Помню, собралось у нас как-то человек восемь-десять; были Маршак и Житков. Маршак вдруг снял пиджак и объявил, что у него внезапное вдохновение. Шварц немедленно согнал нас всех в самую маленькую комнатку, а Маршака одного запер в самой большой, и начал смешить нас всех до коликов. А сам через каждые 15–20 минут получал через дверь от Маршака исписанные листы. Потом громоподобно всеми нами исполнялся туш, и Шварц прочитывал нам куски из знаменитой потом «Почты». При упоминании своей фамилии Борис Житков (28) вставал и церемонно раскланивался. Всегда в нашем доме было тесно, шумно, весело и не очень, и даже очень не сытно…

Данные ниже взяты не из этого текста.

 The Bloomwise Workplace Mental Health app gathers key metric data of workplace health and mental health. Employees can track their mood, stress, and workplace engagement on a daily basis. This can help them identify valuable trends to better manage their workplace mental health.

Корней Иванович Чуковский пригласил Евгения Львовича к себе в секретари. Не думаю, что Шварц был хорошим секретарем, но знаю, что глубоко чтил он большой талант Корнея Ивановича, он так же, как и Маршака, уважал и любил его. С того времени Шварц стал все больше и больше писать. Первое, что было напечатано, называлось «Рассказ старой балалайки». Написана она была сразу же после наводнения в 1924 году… (29). Насквозь промокла забытая в комоде старая балалайка, потеряла свою звонкость, но потом попала на солнышко, просушилась и затренькала опять про веселое будущее, задористо описывая пережитую беду. «Балалайка» была написана как раешник, и многим нравилась. Потом — «Шарики-сударики» — первая детская книжка Шварца с прекрасными иллюстрациями. Не помню фамилию автора, книжка мгновенно разошлась (30).

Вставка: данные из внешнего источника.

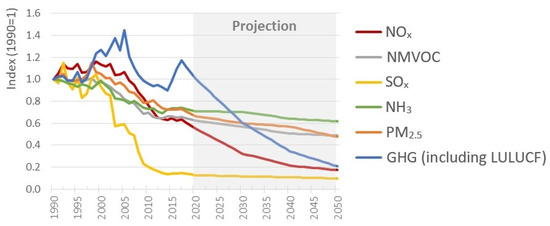 In the European Union (EU), important progress has been made in the last 20 years, in the field of anthropogenic atmospheric emissions and air quality. However, there are still significant negative impacts and risks to human health and the environment, which led to the adoption of specific policies and legal instruments, as the EU Directive 2016/2284 on the reduction of national emissions of certain atmospheric pollutants, being the main legislative instrument to achieve the 2030 objectives of the Clean Air Programme [31]. This directive—referred to also as the NEC Directive—sets national emission reduction commitments for each EU Member State for the period 2020–2029, and more ambitious ones as of 2030, targeting five air pollutants responsible for significant negative impacts on human health and the environment: SO2, NOx, NMVOC, NH3, and fine particulate matter PM2.5. The aim established in the Clean Air Programme is to reduce the health impacts of air pollution by half by 2030 compared to 2005.

Самыми близкими друзьями Евгения Львовича были в ту пору Н. М. Олейников (ставший жертвой культа личности) и Антон Исаакович Шварц. Не могу забыть 1954 год. Малый зал филармонии, гражданская панихида. Хороним Антона Шварца. И в толпе бледное, словно какое-то чужое лицо Евгения. Они дружили с двенадцатилетнего возраста (31). Евгений Львович пережил своего друга всего на четыре года.
В 1929 году А. А. Брянцев и Б. Зон поставили первую пьесу Евгения Шварца «Ундервуд». Оформил спектакль художник Бейер (32). Спектакль имел большой успех. Хороша и оригинальна была сама пьеса. Играли наилучшие актеры ТЮЗа: Охитина, Пугачева (33), Вакерова, Черкасов, Чирков (34), Полицеймако (35). В пьесе впервые действовало радио. Тогда оно только входило в жизнь, и это было сенсацией. Дети на спектакле волновались, переживали за пионерку Марусю, и Шварц радовался этой детской активности и был счастлив…

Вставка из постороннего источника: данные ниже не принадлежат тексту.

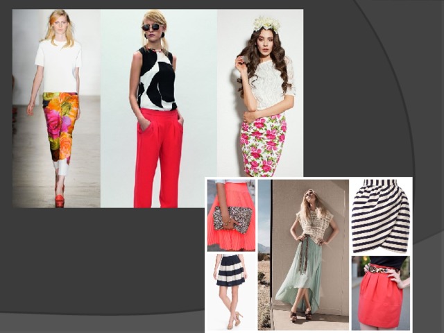 - Делаем акцент на бедрах. Яркие брюки и юбки, включайте в сой гардероб разнообразные принты, в особенности полоску горизонтальную.

Евгений Львович был очень мягким человеком. Любимый писатель его был Антон Павлович Чехов. Всю жизнь на столе, за которым писал Шварц, стоял портрет Антона Павловича. Шварц очень радовался, когда ему что-то нравилось — в музыке ли, в литературе ли — всё равно. Он хвалил радостно и как-то щедро. Если не нравилось, очень не любил говорить неприятное, но, преодолевая это чувство, все же говорил в глаза, как-то тихо и ласково горькую правду. Когда же эта правда встречалась в штыки, он сразу делался жестоким, гневным, а когда успокаивался, взгляд его еще долго оставался холодным, словно каким-то чужим. Душой он не кривил. Я, по крайней мере, этого за ним не знала.